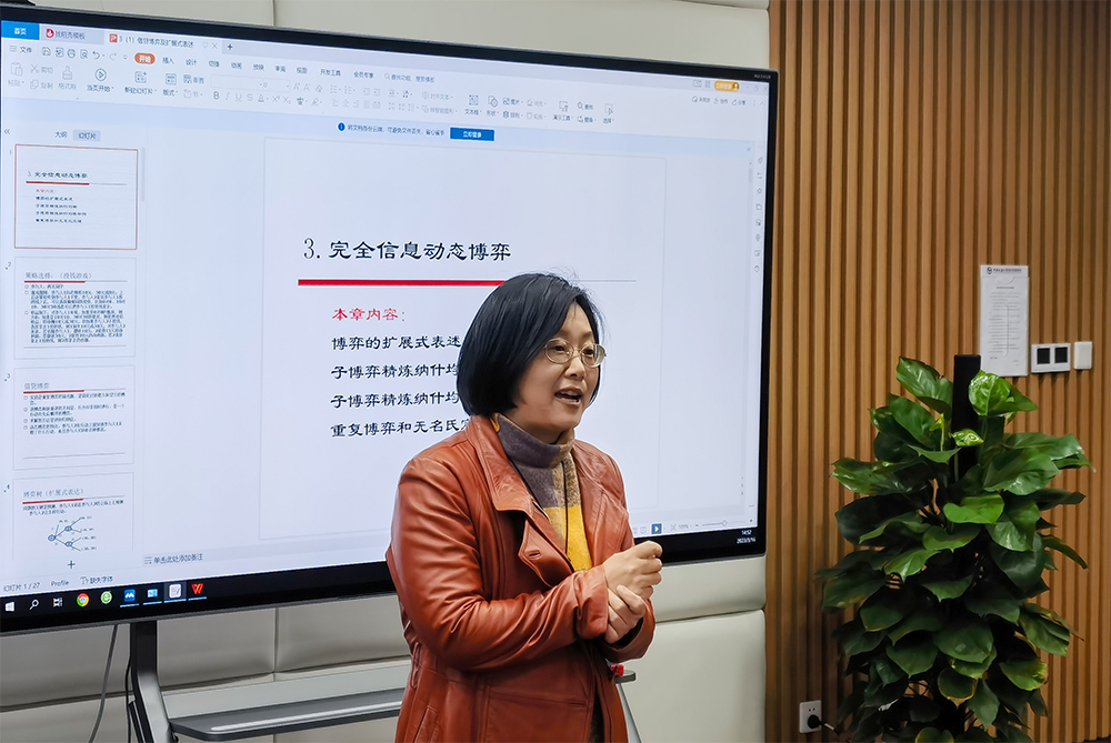 经济学系陈艳老师示范了《博弈论》课程中完全信息动态博弈章节的讲解。陈老师非常具有亲和力,讲课始终面带微笑,举止得体,普通话规范,表述有条理,PPT中图片、表格丰富,例证有理有据,重点、难点的专业知识表达得深入浅出。陈老师通过一个投资小案例,让同学们很快进入“博弈”的状态,让大家意识到不同额度可能面临的投资风险以及相应的投资策略,其本质上也是人心、人性的博弈。同时,通过这个案例也告诉同学们要做一个道德高尚、思维高超、策略高明的人,我们自己不去制造道德风险,但也要做好必要的防范。陈老师授课课堂互动频繁,同学们热情高涨,授课效果非常好。
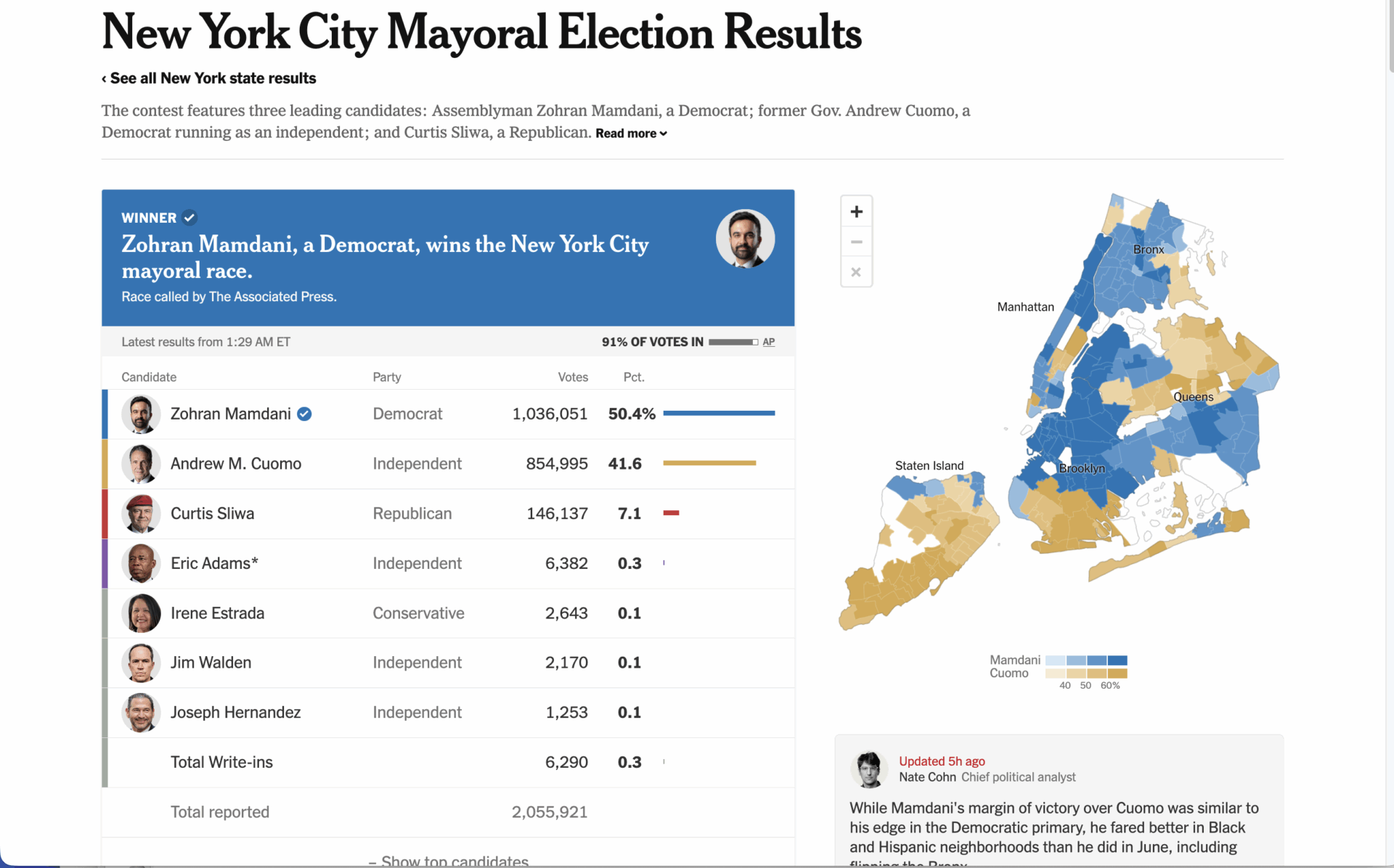 När 91 procent av rösterna räknats leder Zohran Mamdani (D) med 50,4 procent (1 036 051 röster) före Andrew M. Cuomo (oberoende demokrat) med 41,6 procent (854 995 röster) och den republikanske kandidaten Curtis Sliwa med 7,1 procent (146 137 röster), enligt uppgifter från New York Times.
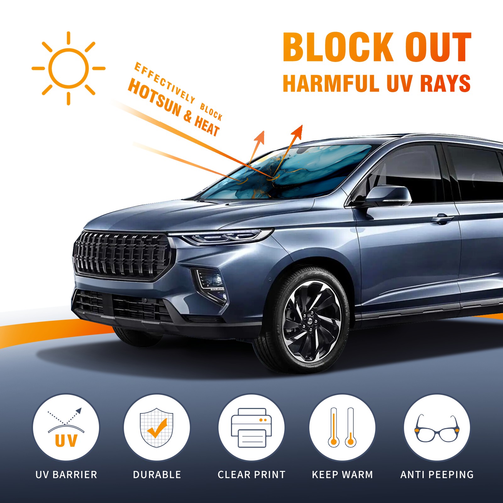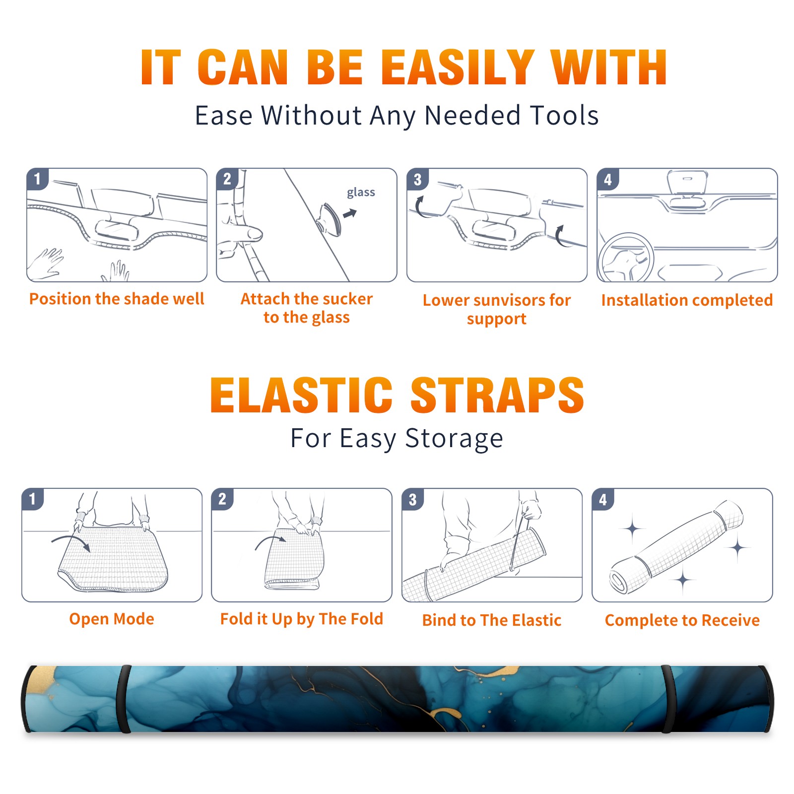 </b>ZXIVGOQFR Foldable Premium Car Windshield Sunshade is your great solution to reduce your car’s interior temperature dramatically! This is definitely a must-have item for your summer travel! </b> <br> ●</b>Size: 63"L x 33.5"W </b> <br> ●</b>Blocking Uv Rays & Heat Insulation</b><br> Our vehicle sunshade provides effective UV, sun, and summer heat protection .Maintains dashboards by preventing fading and cracking <br> ●</b>Easy-To-Store Folding Design Makes Storage Convenient </b><br> ZXIVGOQFR car sunshades come with removable suction cups and elastic bands that you can install easily and quickly, and the removable suction cups will not leave any marks on your windows when removed. Within seconds, windshield visor can be installed and removed. When not in use,the front windshield can be easily and effectively placed on the door pocket or the dashboard, which is beautiful and does not take up space in the car.<br> <br> </b>PUT UP A 'PROTECTIVE UMBRELLA' FOR YOUR BELOVED CAR!</b>

EXERCISE |
Write out the whole listing verbatim, images excluded.

SOLUTION |
 经济学系陈艳老师示范了《博弈论》课程中完全信息动态博弈章节的讲解。陈老师非常具有亲和力,讲课始终面带微笑,举止得体,普通话规范,表述有条理,PPT中图片、表格丰富,例证有理有据,重点、难点的专业知识表达得深入浅出。陈老师通过一个投资小案例,让同学们很快进入“博弈”的状态,让大家意识到不同额度可能面临的投资风险以及相应的投资策略,其本质上也是人心、人性的博弈。同时,通过这个案例也告诉同学们要做一个道德高尚、思维高超、策略高明的人,我们自己不去制造道德风险,但也要做好必要的防范。陈老师授课课堂互动频繁,同学们热情高涨,授课效果非常好。
 När 91 procent av rösterna räknats leder Zohran Mamdani (D) med 50,4 procent (1 036 051 röster) före Andrew M. Cuomo (oberoende demokrat) med 41,6 procent (854 995 röster) och den republikanske kandidaten Curtis Sliwa med 7,1 procent (146 137 röster), enligt uppgifter från New York Times.
 </b>ZXIVGOQFR Foldable Premium Car Windshield Sunshade is your great solution to reduce your car’s interior temperature dramatically! This is definitely a must-have item for your summer travel! </b> <br> ●</b>Size: 63"L x 33.5"W </b> <br> ●</b>Blocking Uv Rays & Heat Insulation</b><br> Our vehicle sunshade provides effective UV, sun, and summer heat protection .Maintains dashboards by preventing fading and cracking <br> ●</b>Easy-To-Store Folding Design Makes Storage Convenient </b><br> ZXIVGOQFR car sunshades come with removable suction cups and elastic bands that you can install easily and quickly, and the removable suction cups will not leave any marks on your windows when removed. Within seconds, windshield visor can be installed and removed. When not in use,the front windshield can be easily and effectively placed on the door pocket or the dashboard, which is beautiful and does not take up space in the car.<br> <br> </b>PUT UP A 'PROTECTIVE UMBRELLA' FOR YOUR BELOVED CAR!</b>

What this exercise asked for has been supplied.